Another class that is a new class of drug which we haven't yet seen in inflammatory bowel disease are the S1P inhibitors (the sphingosine‑phosphate inhibitors). These have a mechanism that is somewhat akin to the antitrafficking mechanism that we've already learned about from vedolizumab and natalizumab.
However, instead of blocking the activated lymphocytes from entering the gut mucosa, these S1P inhibitors block the lymphocytes from entering the gut by creating a barrier from them exiting the lymph nodes. By keeping them sequestering these lymphocytes within the lymph nodes, they are then unable to get to the gut.
These S1P inhibitors have been approved already in other disease states, and we're eager to see results of late-phase trials of S1P inhibitors for inflammatory bowel disease. Both ulcerative colitis and Crohn's disease are being investigated.
S1P inhibitors, like JAK inhibitors, are oral. This is also another exciting area for us to be evolving into as we think about the future of IBD therapies, including effective safe oral alternatives for our patients.
With all of these new and exciting compounds under development and hopefully seeing regulatory approval in the next few years, we're going to be increasingly faced with questions about how do we choose which drug to give which patient and at which time?
In addition to the robust clinical trial development of multiple different drugs, we also have a lot of research going on into the appropriate ways of positioning therapies, one against the other.
Unfortunately there's still quite a lack of head‑to‑head trials in inflammatory bowel disease, but more head‑to‑head trials are currently ongoing, as well as comparative effectiveness research, which will allow us to see clues as to how to best position therapies one against the other.

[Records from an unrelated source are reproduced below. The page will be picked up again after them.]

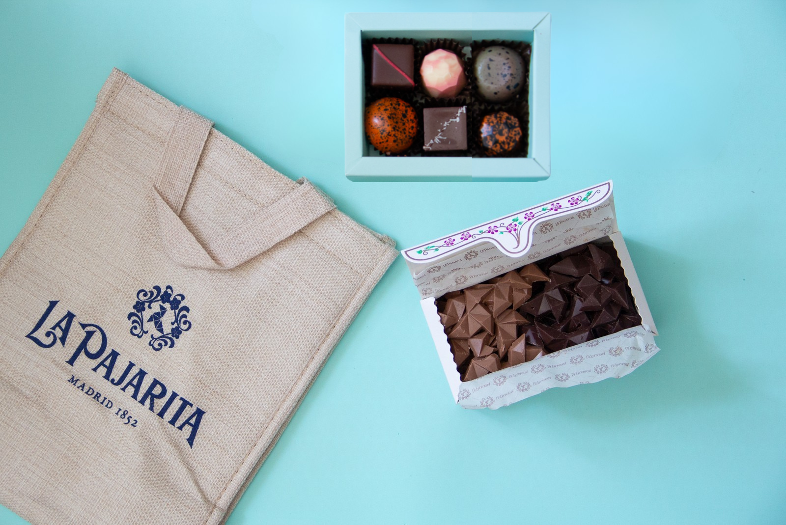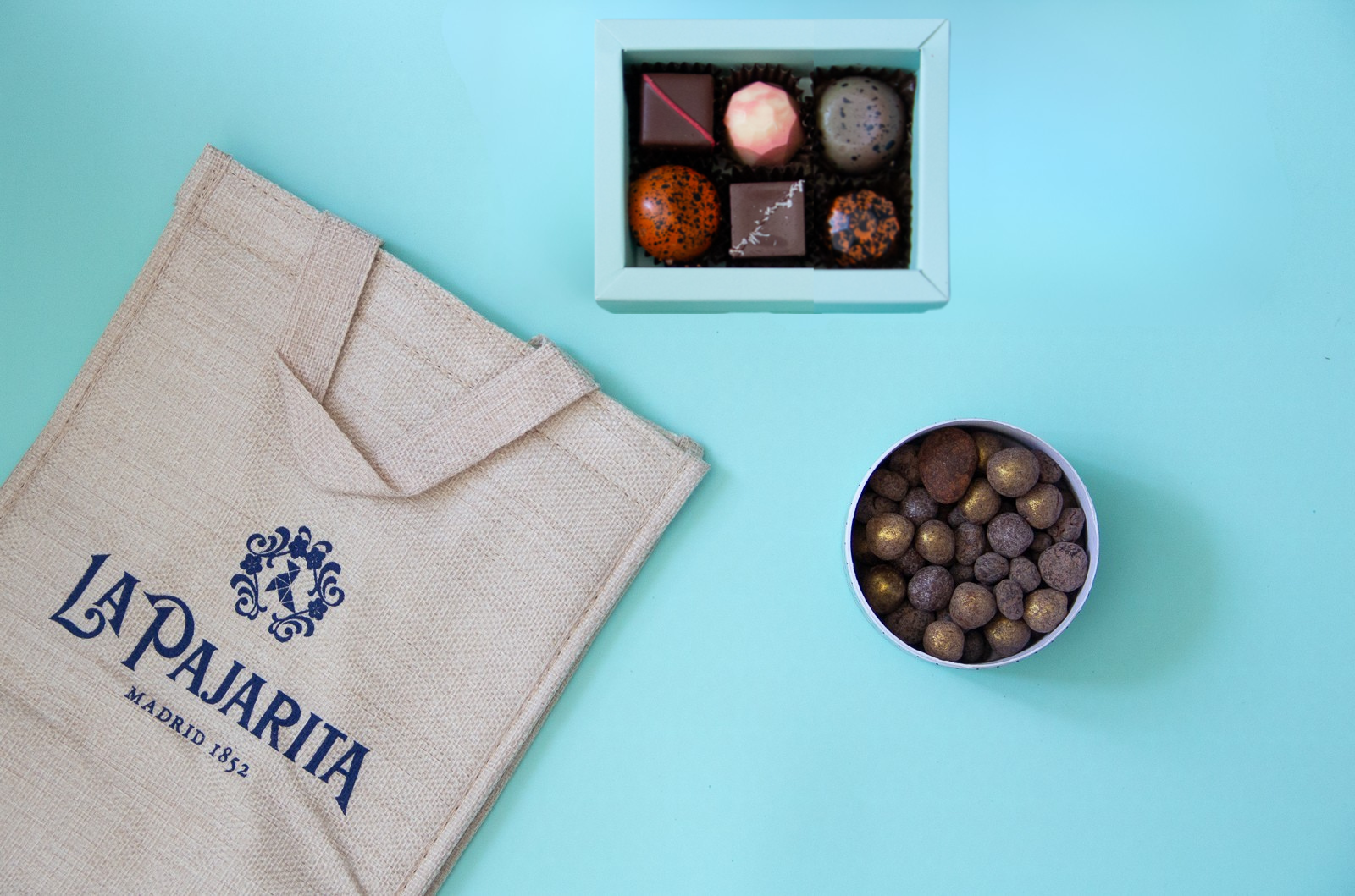 It features La Pajarita’s iconic blue logo and the official “Alma de Madrid” seal — a tribute to the heritage that has defined us since 1852. Its insulated interior and discreet velcro closure help preserve the freshness of chocolates and bonbons, turning this bag into part of the gift itself.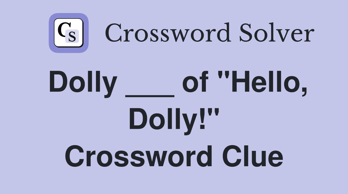 Dolly of quot Hello Dolly quot Crossword Clue Answers Crossword Solver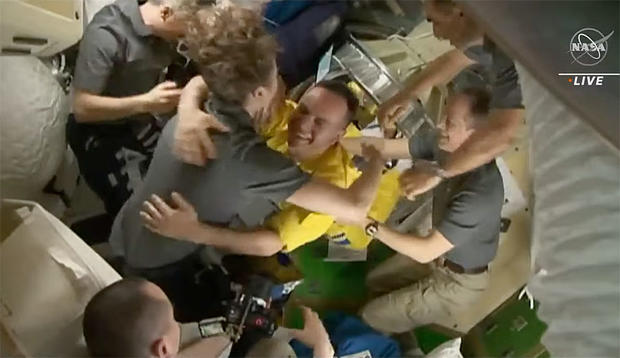国际空间站由美国、俄罗斯、日本、加拿大和欧洲共同运营。三名俄宇航员受到了空间站欧美同事的热情欢迎。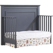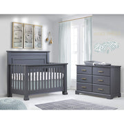 Classic style with contemporary accents of beveled tops and drawer front façades enhanced with Italian handles. The Taylor ‘’5 in 1’’ Convertible Crib features massive posts, chunky tops and a contemporary framed back panel, infusing a sense of safety and security. This solid wood collection is available in White with Italian pewter handles or in the Graphite color featuring antique bronze handles. It also has a myriad of pieces to choose from and offers long term value with five configurations: crib, toddler bed, daybed, double bed or double bed with low-profile footboard for easy transitions from baby, to toddler, to teen and will surely accompany your little one into his/her college years.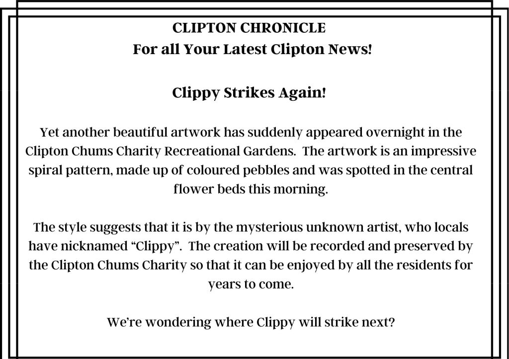 “Perhaps he should try to get that mystery artist to help him out,” contemplated Cookie, “you know, the one that keeps doing those pretty pebble designs in the park,” she added.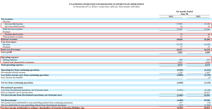 在營收、費用同步增長情況下,啟今教育的利潤水平也出現波折。上半年,其歸屬于普通股東的凈虧損為450萬美元,而2022年同期為凈利潤2680萬美元,同比由盈轉虧。按照經營虧損的數據看,其上半年歸屬于普通股東的持續經營虧損為220萬美元,而2022年同期為110萬美元,同比擴大。

We're already learning and seeing that certain classes of drugs may be more effective when used early on or before other classes of medications. We talked about some of these advances in some of our advanced understanding.
Finally, to leave you off with the concept of the paradigm of treatment, which has evolved into one of what we call a treat‑to‑target approach. This treat‑to‑target approach really reflects, no matter which medication we're using for our patients, to always have that target in mind.
Because if we are able to identify the target, and then measure whether that target has been achieved in our patients, we will then be able to appropriately optimize or switch therapies in order to get the patients on the more effective, more safe option for them, regardless of which treatment we start out with.
With the exciting developments in clinical trials, as well as the very interesting and ongoing active comparative effectiveness research that is ongoing, the future of IBD treatment over the next few years is likely to be very different than the landscape we currently have available to us today, and the future is bright.